I inherited my grandfather’s Snap on and Blue Point tools. He worked at the Chevy plant in Kansas City in the 1940s and 50s. My original tools are from that period and they were basically something that sat in a box for 60 years.

I restored a number of cars (MGs, Olds, a 350SL, Corvettes, old Chevys, a 66 Ford, and many others) and started to buy tools as needed during these restorations. Most of the tools were Craftsman. One day I stumbled over the old box with my grandfather’s tools rediscovering them. I never used this set in part because it was incomplete.

I started to look around and fill in the set. Then I bought other Snap on period tools. I found a chart to date these tools. I started buying old catalogs. I wanted to know what was available and very little was written down. No resource, no master list, no book exists on. This was in 2003.

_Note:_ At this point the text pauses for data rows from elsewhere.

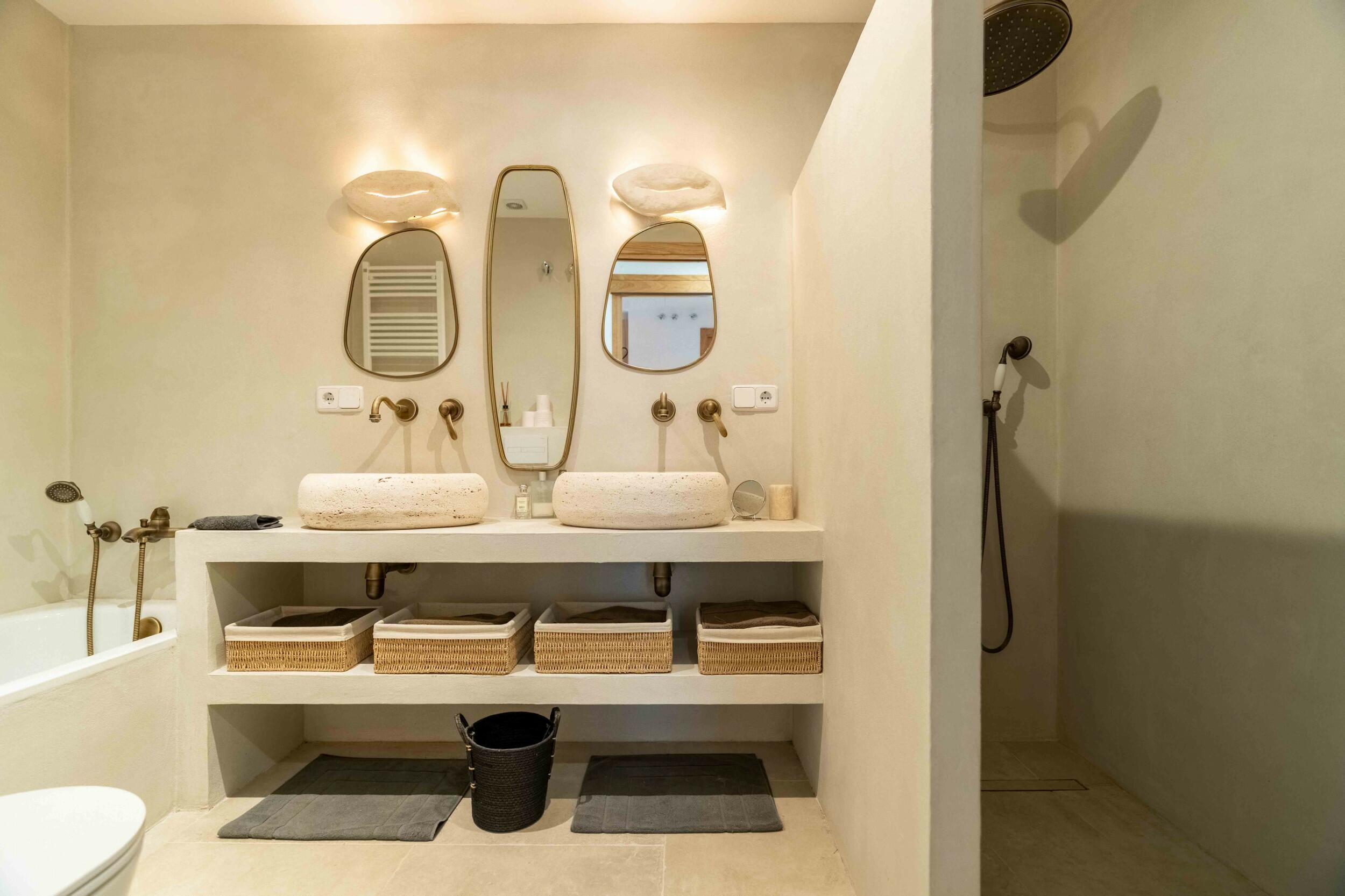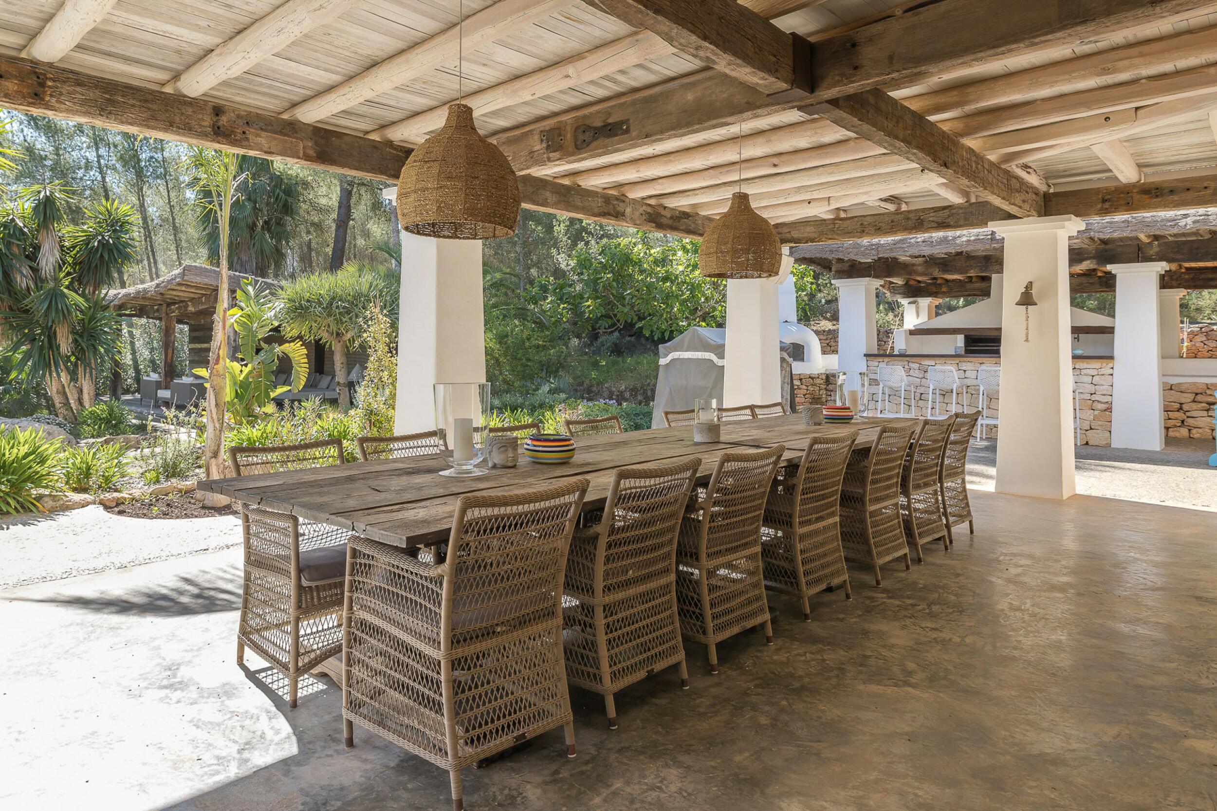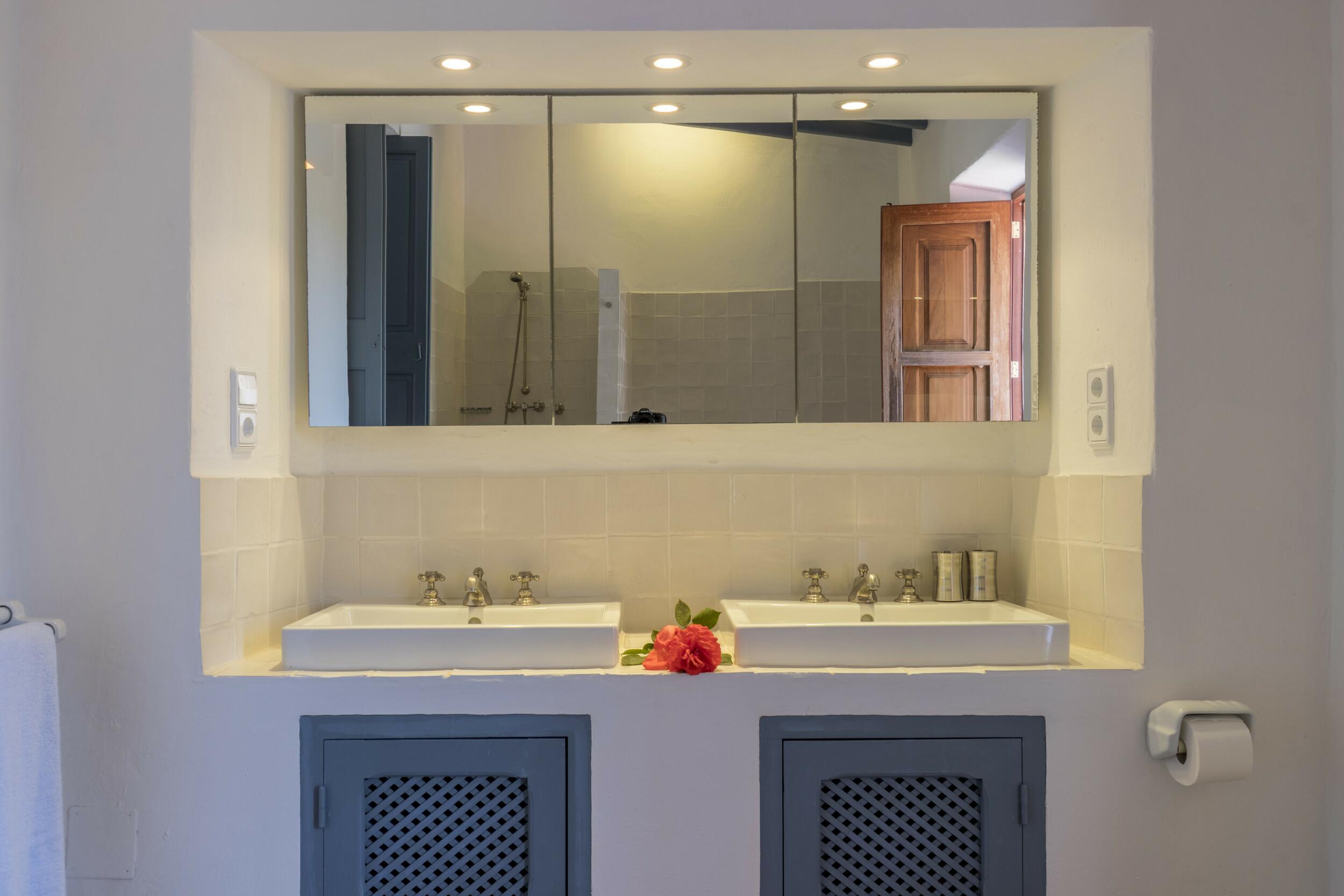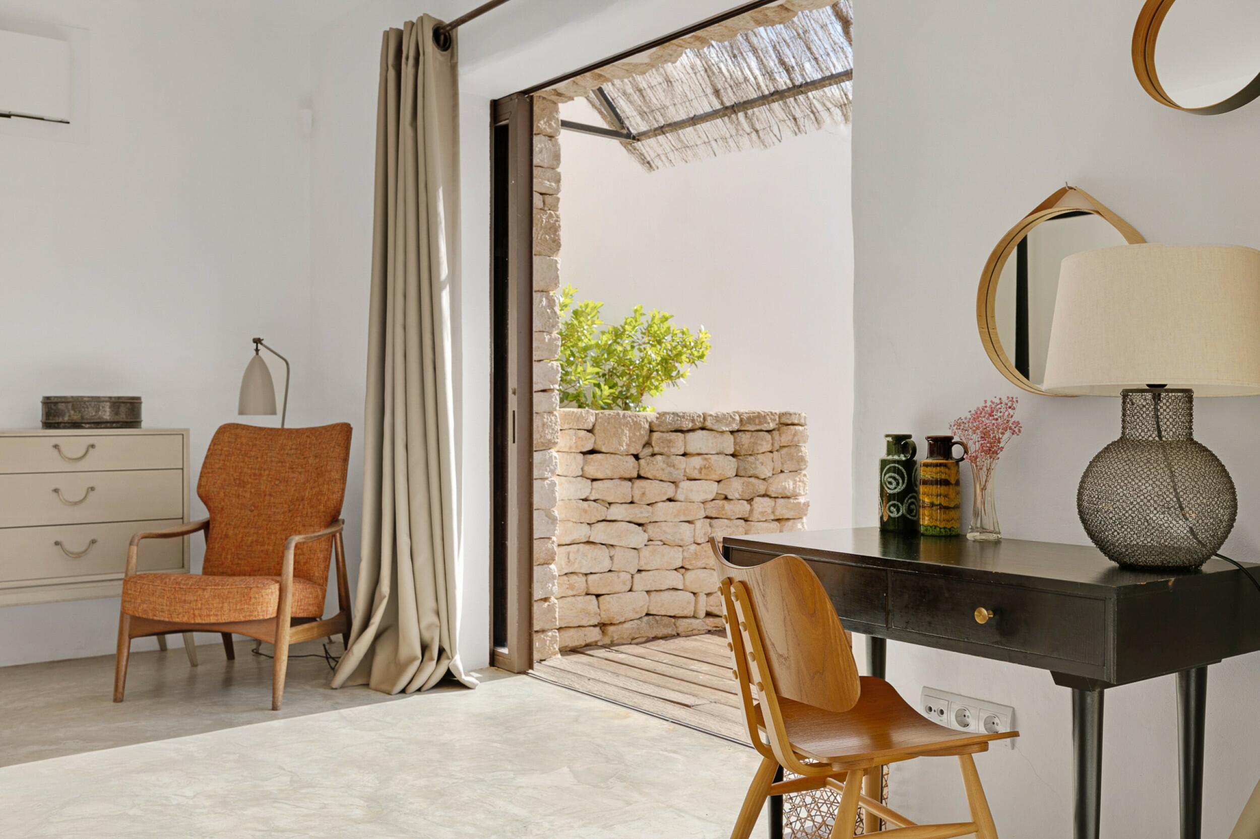 Dieses ganz besondere Anwesen, das eine Gesamtfläche von 32.000 m2 und ein Haus von 251 m2 hat eine schöne und imposante weiße Fassade im Bauernstil. Traditionell wurden diese Häuser von den Bauern und Viehzüchtern Ibizas gebaut, um in der Nähe ihres Landes zu leben. Sie zeichnen sich durch kleine quadratische Fenster und geschwungene Linien an den Enden der Dächer und Wände aus.
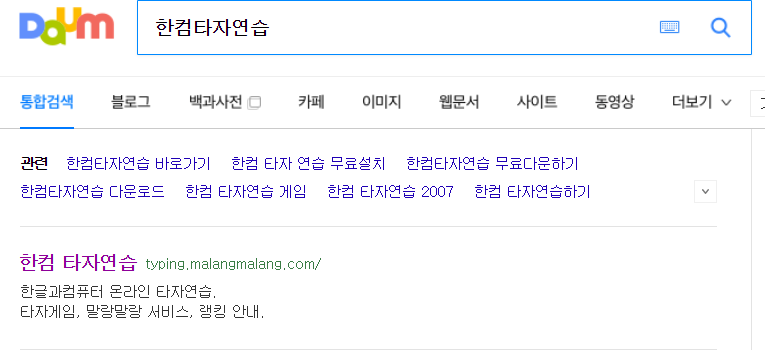 이제 한컴타자 연습을 하는 법은 알았지만 매번 제 블로그에 찾아오셔서 바로가기를 클릭하실 필요가 없이 네이버나 다음에 검색을 통해서도 들어가실 수 있습니다.
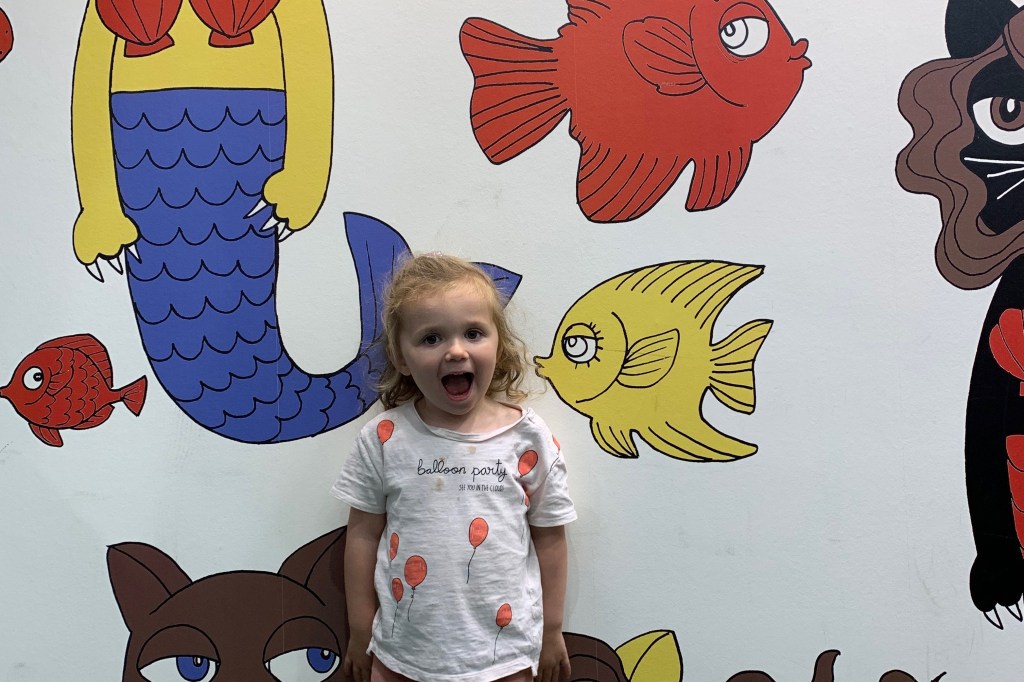Babu poses in front of the mermaid cat wall at Mini Rodini, Notting Hill.
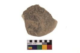| Description / विवरण | A broken specimen of a rectangular shaped mueller stone with battered surfaced. |

Each purchase filled in a little gap, each catalog was one piece of the puzzle. There is a nearly complete set of Catalogs in this site (I am missing Catalog F). These are fascinating and a wealth of information. These were the original source for this site, but the picture formed through all these catalogs is inaccurate. The actual tools have huge variations, some tools are not listed at all, others are listed but have never been seen. There exists some part number confusion, at times the same number is used for different tools. At times they change part numbers but there is no change in the tool, other times the tools transform with no part number change at all. This site is in transition toward a study on the actual tools.

This web site started on a business trip in a Tokyo hotel room. Early morning jet lag and no where to go at 3AM is the cause. I wondered – How can I get information about a topic nobody seems to know anything about? – My answer was – if my questions were posted, others would contact me and I could piece the story together. For $75 on a credit card, and an on line web site creation program this website started from that hotel room at 3AM. It worked – hundreds of people have emailed me about their tools and pictures. This web site grew to the point where that original $75 on line tool just could not cope with the size and scope of the information. This resulted in a total rewrite of the site in 2009.

The outline of the picture is fairly complete now. We know the start and finish and the scope of the tools over this period. Some of the details are well done, others untouched. For example – there is no torque wrench or distributor wrench sections. This site is limited to 1923 – 1970, it is an arbitrary ending point. My interest is in old tools, even though I have a complete set of newer Snap on tools as well. I just cut it off at 1970.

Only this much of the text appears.